● Exercise aim
Without including any images, repeat the data exactly.

● Information supplied
------------------------------------

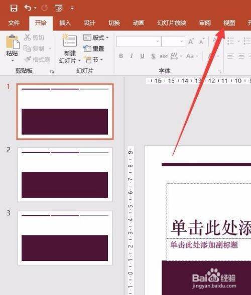 找打并打开我们准备打印的PPT演示文稿,而后在课件页面,找到视图图标
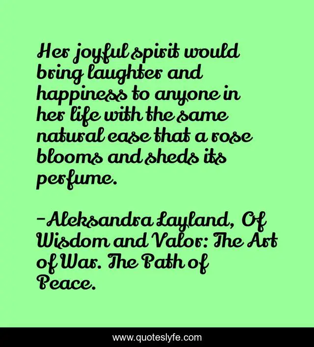"Aleksandra Layland, Of Wisdom and Valor: The Art of War. The Path of Peace. Quotes." Quoteslyfe.com, 2025. Mon. 08 Dec. 2025. <https://www.quoteslyfe.com/quote/Her-joyful-spirit-would-bring-laughter-and-44842>.
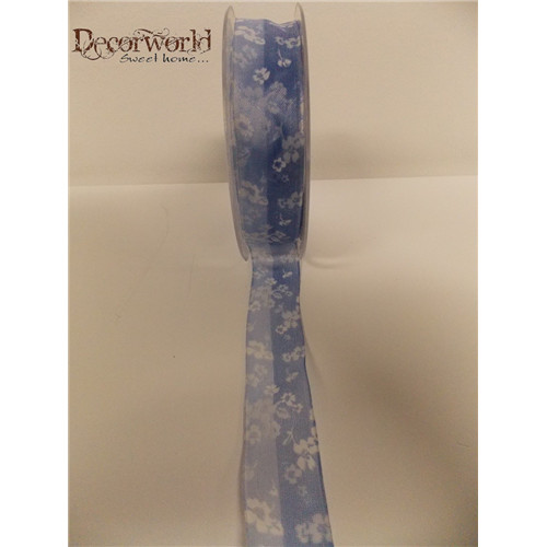 Textil szalag drótos virág mintás kék-fehér 25mmx10m
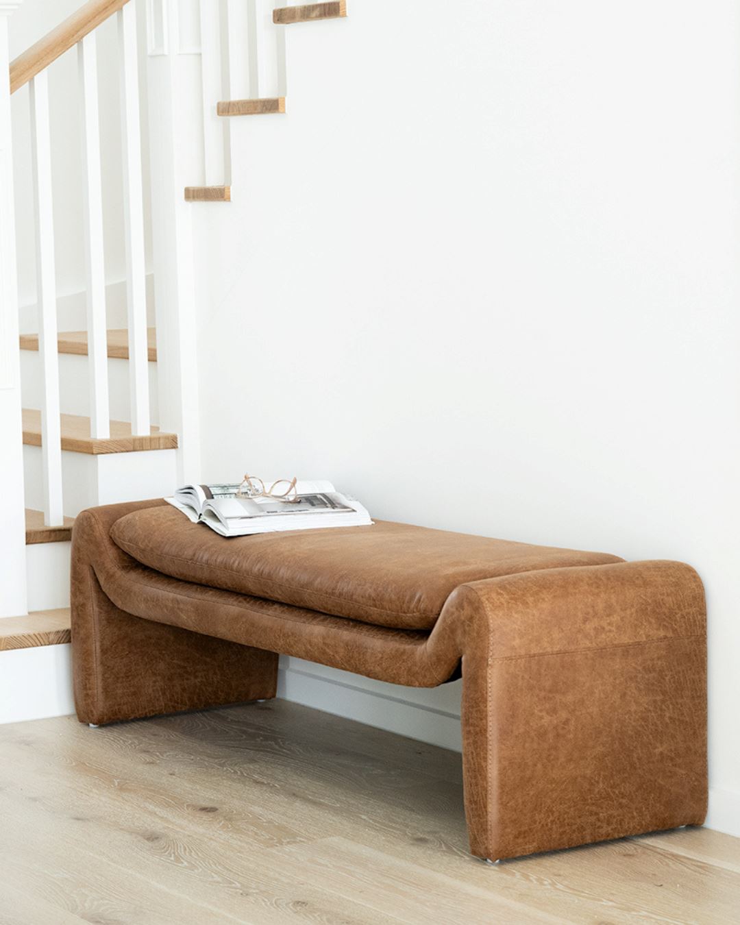 Create a cohesive and stylish look in your home with the Amery Bench in Cognac Leather, a timeless addition to any setting.

------------------------------------

● Output below
 找打并打开我们准备打印的PPT演示文稿,而后在课件页面,找到视图图标
"Aleksandra Layland, Of Wisdom and Valor: The Art of War. The Path of Peace. Quotes." Quoteslyfe.com, 2025. Mon. 08 Dec. 2025. <https://www.quoteslyfe.com/quote/Her-joyful-spirit-would-bring-laughter-and-44842>.
 Textil szalag drótos virág mintás kék-fehér 25mmx10m
 Create a cohesive and stylish look in your home with the Amery Bench in Cognac Leather, a timeless addition to any setting.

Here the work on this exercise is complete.